Thursday, April 20, 2006

Neo-Conservative Realist on Iran?

I read Reuel Marc Gerecht's "To Bomb or Not to Bomb" in the April 24th issue of The Weekly Standard with great interest. Of course, I didn't care for the use of "realist" in quotation marks as a synonym for "the do nothing" crowd. But I found it refreshing that Gerecht followed the same approach as Pat Lang and Larry Johnson did in the spring TNI in assessing the consequences of different types of action vis-a-vis Iran.

What is most useful is that Gerecht's article is much more sober in assessing risks and costs. No "going to be greeted with sweets", no "we can foment ethnic rebellion against Tehran", no "Iran can be easily turned into a democracy", no "this is over in six months." He talks about years, he talks about real challenges, he talks about having to stay focused.

I would disagree with some of his assessments--but what makes the piece useful (and in marked contrast to some of the other Iran pieces that have appeared that make it seem that Iran would be so easy to solve, if only we applied the right level of will and force), it does take into account different scenarios and potential unintended consequences.

Gerecht abandons what Harvey Sicherman in Orbis last year described as the "hustle" in foreign policy--promising decisive action at low cost--and lays out strategy--what are our objectives, what are costs, what are consequences. Significantly, I read his piece and felt that a major point is that the purpose of U.S. action should primarily be to remove the nuclear threat. If democracy can be facilitated as a side benefit, fine; encourage it, great--but the focus is on removing a threat. This article seems to be much more focused on threat management than on taking, as its starting point, grand transformation.

This is the piece that should have appeared, by the way, in 2002, prior to Iraq. Perhaps we would have a lot less disillusionment and we could be having a more realistic discussion about Iraq.

Iran is not a problem to be solved. It is a state to be managed.

Regardless of the nature of the government of the Iranian state, the best that can be achieved is a promise not to weaponize.
Nikolas, thank you for responding here to my post in the previous thread.

I understood Gerecht to be saying that Iran could be disarmed (and kept that way) at a low cost to the United States. He acknowledges some risks that would attend US military action but he discounts them as reasons not to strike.

Sometimes one has no choice about whether to go to war and this may be one of those times. And any discussion of hypothetical outcomes may not be useful. But I do think three questions at this stage deserve answers.

Is it reasonable to believe that we can wage war against Iran with the minimal effort that Gerecht believes we can? Is a war necessary, if diplomacy fails, even if the cost to the United States is higher? If so, should the American people be warned more explicitly and prepared for the prospect of war?
Perhaps we should get Gerecht and either Lang or Johnson to appear together and debate consequences.

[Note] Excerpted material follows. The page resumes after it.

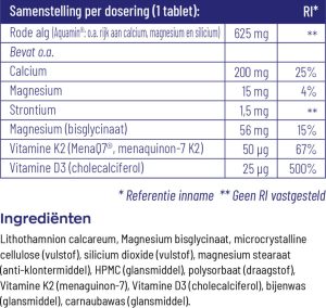- Magnesium, Silicium, Strontium: Natuurlijk verkregen uit rode alg, draagt bij aan de botdichtheid.

I agree that Gerecht discounts some of the risks and thinks things can be done "cheaper"--but at least he is thinking in those terms rather than pretending these consquences don't exist.
Grecht's article, stripped of all its analytical clothing, boils down to this:

Let us bomb a country that is not seeking a war with us, that is not a threat to us, but is a prick, and kill thousands of people becuase, per chance, the resulting instability might be more beneficial to US.

Foreigners reading these type of statements are going to conclude one thing and one thing alone; "Make sure you have a significant nuclear capability to defend yourself."
but the Iraq adventure was about threat management and political opportunism, as seen through the myopic eyes of Cheney and Rumsfeld and Rove, and not about grand transformation - it just ened up that way. There's no indication anyone with any real power in the administration cared much about grand ideas - except maybe Wolfy, who I think was being played by Rumsfeld and Cheney.
I think a confrontation with Iran is practically inevitable but I certainly don't feel good about Bush being in charge when it happens - why do you think all these generals are complaining? It's not Iraq they're worried about, it's Iran.